“Again, there was no reason that I can think of for Geril to kill me if he was acting on his own,” Niniane said. “We didn’t know each other. There was no direct line of inheritance between us, and his connection to the throne was too diffuse for him to make a play for the crown himself. I may not be all that connected with the ins and outs of current Dark Fae politics, but I know that much.”
“Right now, I have just one question,” said Aryal. “Are we looking for one entity—one person, conspiracy, or faction trying to kill you—or two?”
Since before 1842, the Cook County morgue in Illinois had conducted an official inquiry on every questionable death in the county, which included the city of Chicago. Shortly before the Great Chicago Fire had occurred in 1871, the morgue opened its Office of Magickal Inquiry to investigate every questionable death relating to matters of Power or the Elder Races. In 1976 when Cook County established its Office of the Medical Examiner, the Office of Magickal Inquiry was placed under the Medical Examiner’s purview. The outdated term “Magickal” was dropped and the office given the simpler name of Paranormal Affairs.
The intent behind the move had been to modernize this section of the morgue and rename it with a view to greater accuracy and political neutrality, but in this attempt the county officials failed miserably. Many of the Elder Races, including several humans with Power, were offended by the name. Paranormal was a term that indicated something was outside the realm of normal experience or scientific explanation. Opponents to the term argued that it was racism and bigotry of the highest order.
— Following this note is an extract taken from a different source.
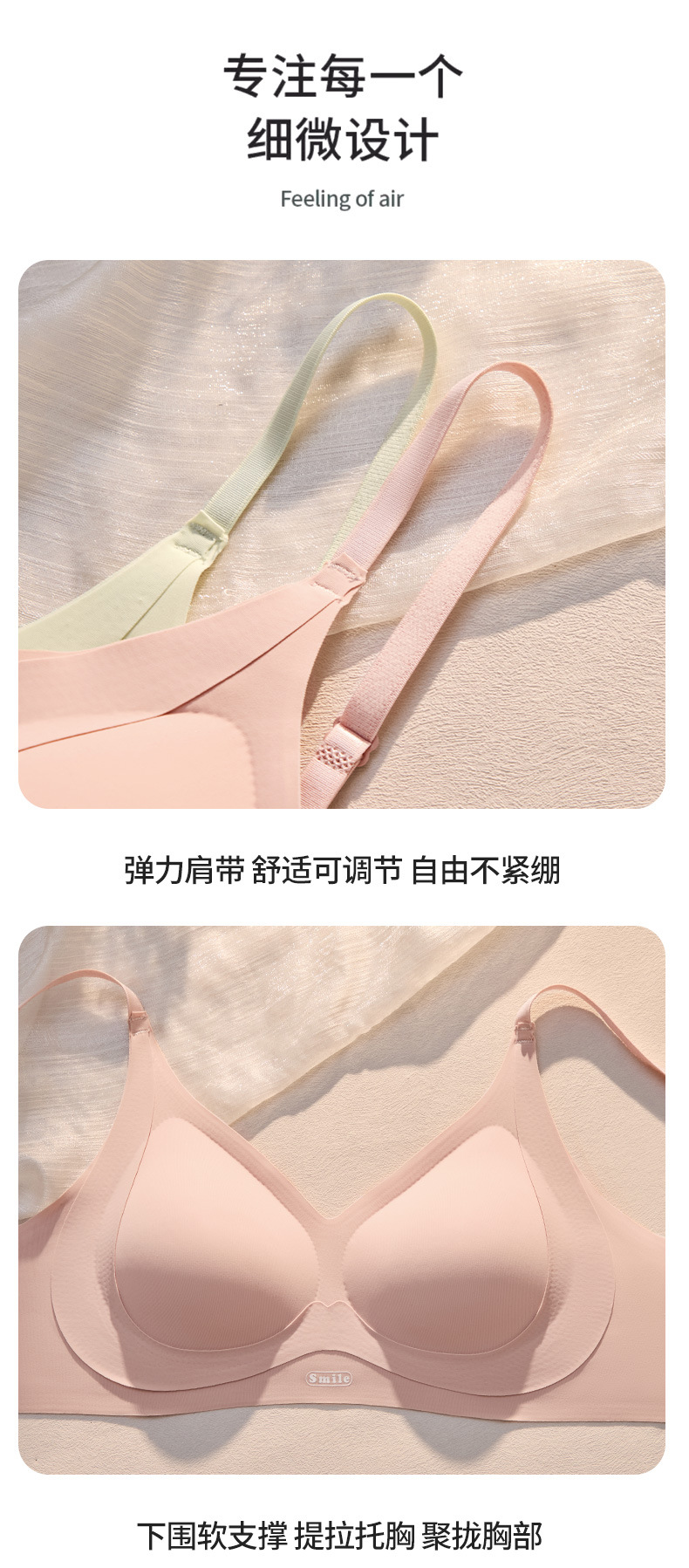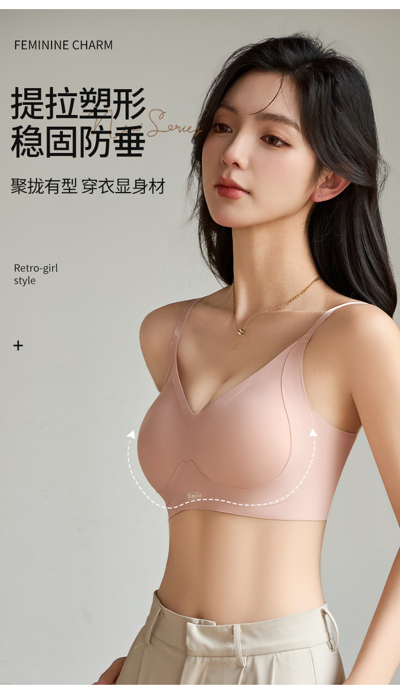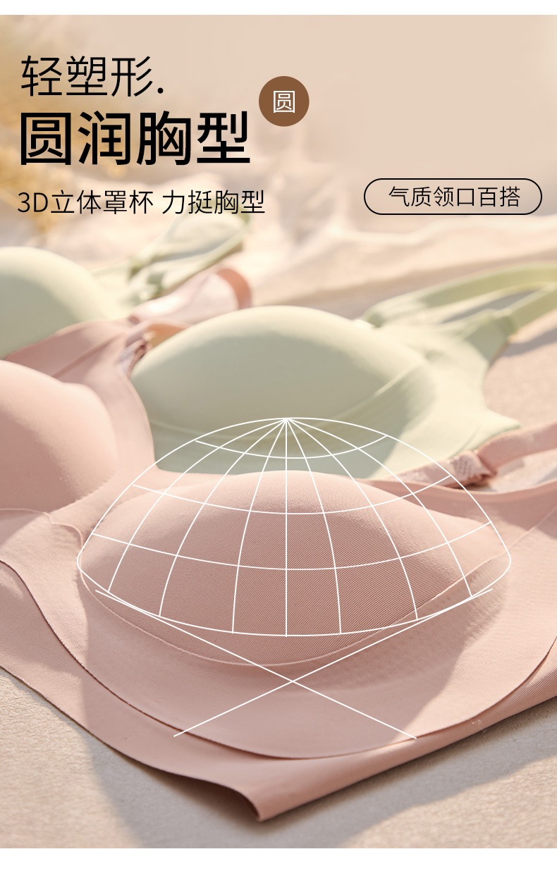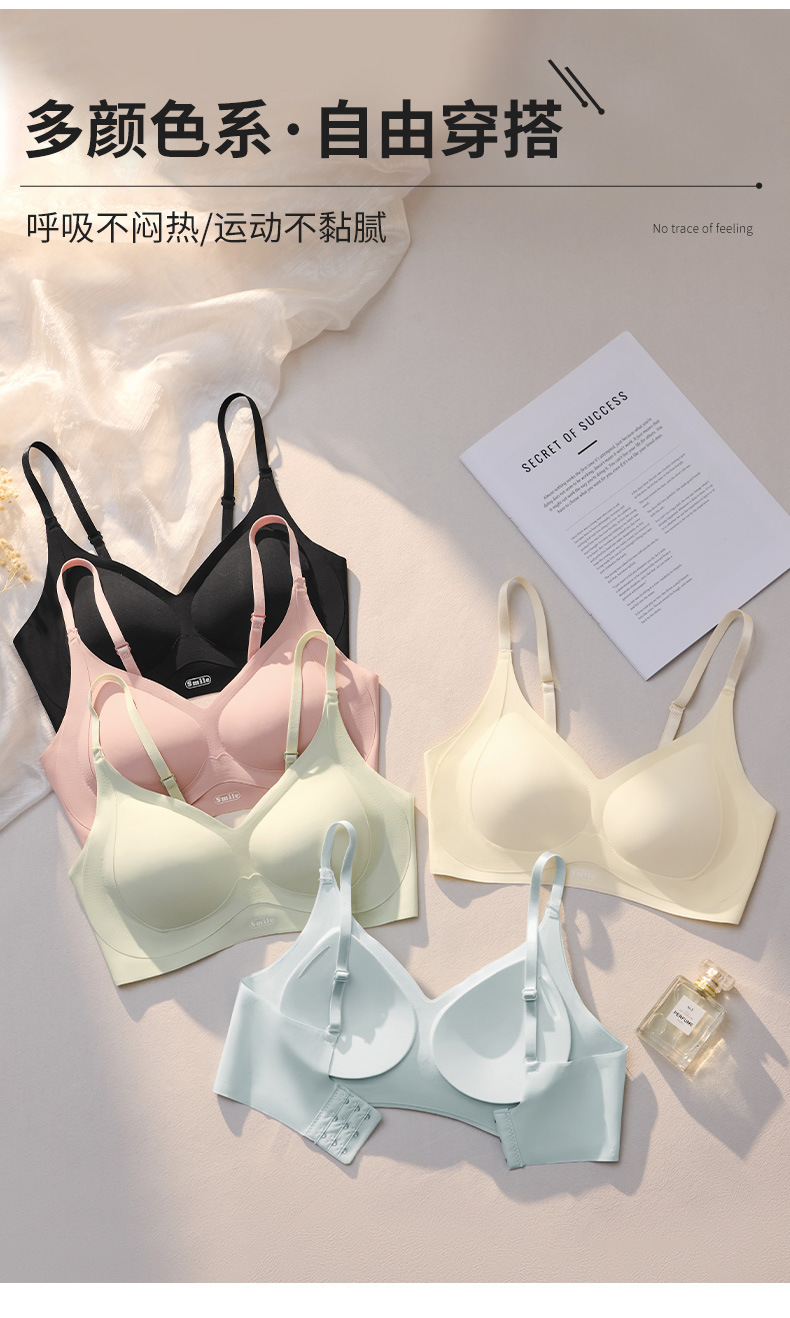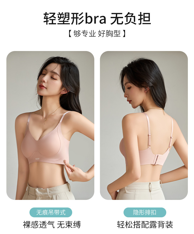 일체형 고정컵, 가슴이 작은 여성을 위한 흔적 없는 속옷, 노와이어 젤리 누드 느낌의 통기성 소녀 브라

Or so Dr. Seremela Telemar informed Tiago and Rune in her History of the Morgue 101 as she led them to the Paranormal Affairs section. Telemar was a medusa of late middle age, as evidenced by the length of her head of snakes that dangled down to her shapely hips. Medusas guarded their young ferociously. Tiago had personally never seen one of their children, but he knew young adult medusas had slim, short snakes that covered their heads like curly undulating afros.
A medusa’s head snakes were semi-independent sentient creatures that shared a symbiotic relationship with their host, which included an exchange of sensory input and thought impressions. A medusa never had her back turned if one of her snakes was looking at you. For the most part the head snakes remained as peaceful as their medusa, but if a medusa felt frightened or threatened, they had a venomous bite that could paralyze most creatures and might, if the snakes were induced to multiple bites, cause death. When Telemar reached old age, which for her species would be between four hundred and fifty and five hundred years, her snakes would reach her feet or perhaps trail a little on the ground. For now, she bound them back gently in a loose headcloth like they were dreads.
The medical examiner’s skin was a pale, creamy green that was several shades lighter than her snakes, and it had a faint iridescent pattern that resembled snakeskin. Her blue-green eyes had vertical slits for pupils and a nictitating membrane that flicked into place as she looked over her shoulder at the sentinels who followed close on her heels.
“Like other morgues across the country, my department doesn’t usually see anything near the kind of traffic that the main morgue does,” she said. Several of her head snakes looked around her waist and over her shoulder at them, tasting the air curiously with their flickering tongues. “It is a significant event for us to get six bodies back-to-back. The main morgue conducts around fifty-two hundred autopsies annually, and usually I spend half my time working with them. We’re lucky if we see two hundred.”
“Lucky?” Rune quirked a sleek tawny eyebrow at her. The gryphon was working his male charm on the medusa. She was, like every other female Tiago had seen around Rune, falling for it hook, line and sinker.
“Well. Perhaps ‘lucky’ is not the right word, but you get what I mean.” She widened her eyes and smiled at Rune as she tucked a few of her snakes behind one shoulder. She pushed through a pair of swing doors and Rune and Tiago followed. “As you no doubt are probably aware, most Elder deaths are not even reported to a medical examiner’s office. Many of them happen in Other lands and/or they are processed and investigated by their own demesnes. The deaths that tend to come to me are human ones that involve a Power exchange or discharge of some kind. This has been a real kick in the pants in more than one way.”
“I can imagine,” Rune said. “Politically as well as medically.”
“Quite,” said the medusa.
When Rune and Tiago had arrived at the morgue, the medusa had given Tiago one startled look that took in the implied threat flowing like silver mercury through his massive physique, his dark glasses and the banked aggression stamped in the strong bones of his face. Then her nictitating membranes had snapped shut and she kept herself busy looking anywhere else but at him.